START Given information

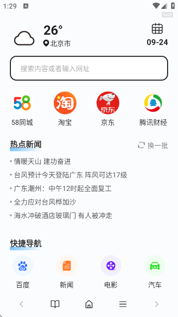 3、进入到软件首页,如图所示;这里能为用户提供众多热门网站标签入口;以及热点新闻和快捷导航。
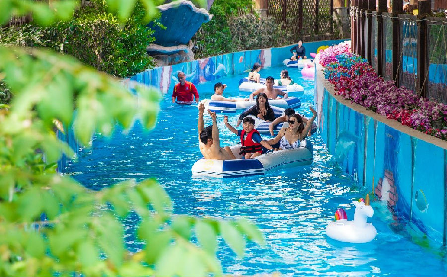 樂園引進多項國際先進的大型水上游樂設備,擁有《颶風灣》《飛躍河谷》《翻江倒海》《大喇叭》《超級碗》《叢林漂流》《熊出沒水寨》等16大特色水上項目,并創意打造上百個特色景觀,致力于為游客帶來清涼、夢幻、歡樂、刺激的游玩體驗。
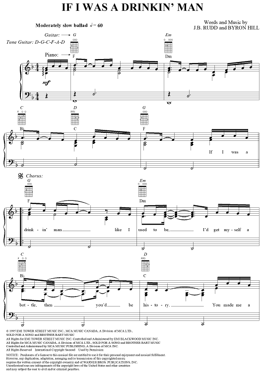 Digital Sheet Music for If I Was a Drinkin' Man by Byron Hill, Neal McCoy, J. B. Rudd scored for Piano/Vocal/Chords; id:113462
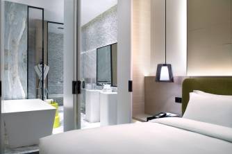 南昌梅岭新旅铂尔曼酒店位于南昌市湾里中心区域,距离红谷滩CBD商务区、南昌高铁西站、昌北机场车程30分钟,交通迅捷而便利。酒店由新旅集团投资兴建,建筑面积32000平米,是集客房、餐饮、商务会议、休闲游乐、户外拓展、文化艺术于一体的一站式城市近郊微度假酒店。 酒店背倚800亩磨盘山森林公园,紧邻岭秀湖,建筑造型呈“L”型院落式组群分布,现代中式设计风格,融汇中国园林及建筑的精髓,梁柱榫卯结构,斜屋顶空间,镂空式全落地玻璃隔断,身处室内即可欣赏庭院美景。室内地面由取自地下10米专用黏土烧制而成的金砖铺设,沿
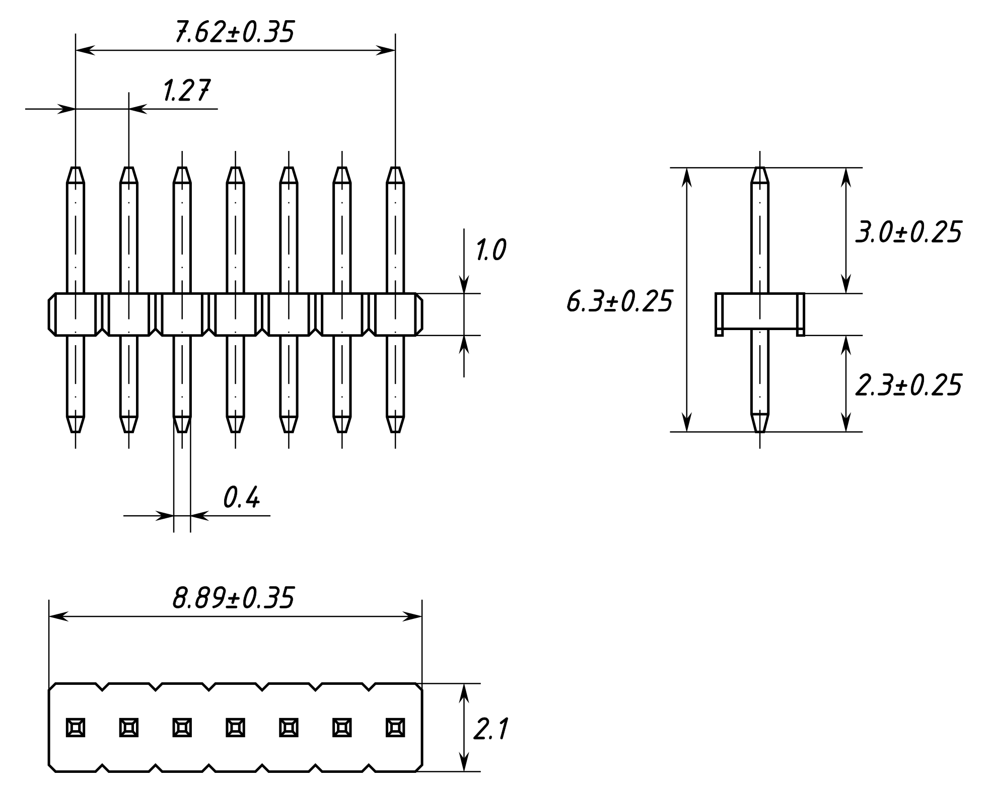 Однорядная штыревая вилка, 7 контактов с шагом 1.27мм

END Given information

**Assigned task**
Print all records word for word, no images.

**Solution**
 3、进入到软件首页,如图所示;这里能为用户提供众多热门网站标签入口;以及热点新闻和快捷导航。
 樂園引進多項國際先進的大型水上游樂設備,擁有《颶風灣》《飛躍河谷》《翻江倒海》《大喇叭》《超級碗》《叢林漂流》《熊出沒水寨》等16大特色水上項目,并創意打造上百個特色景觀,致力于為游客帶來清涼、夢幻、歡樂、刺激的游玩體驗。
 Digital Sheet Music for If I Was a Drinkin' Man by Byron Hill, Neal McCoy, J. B. Rudd scored for Piano/Vocal/Chords; id:113462
 南昌梅岭新旅铂尔曼酒店位于南昌市湾里中心区域,距离红谷滩CBD商务区、南昌高铁西站、昌北机场车程30分钟,交通迅捷而便利。酒店由新旅集团投资兴建,建筑面积32000平米,是集客房、餐饮、商务会议、休闲游乐、户外拓展、文化艺术于一体的一站式城市近郊微度假酒店。 酒店背倚800亩磨盘山森林公园,紧邻岭秀湖,建筑造型呈“L”型院落式组群分布,现代中式设计风格,融汇中国园林及建筑的精髓,梁柱榫卯结构,斜屋顶空间,镂空式全落地玻璃隔断,身处室内即可欣赏庭院美景。室内地面由取自地下10米专用黏土烧制而成的金砖铺设,沿
 Однорядная штыревая вилка, 7 контактов с шагом 1.27мм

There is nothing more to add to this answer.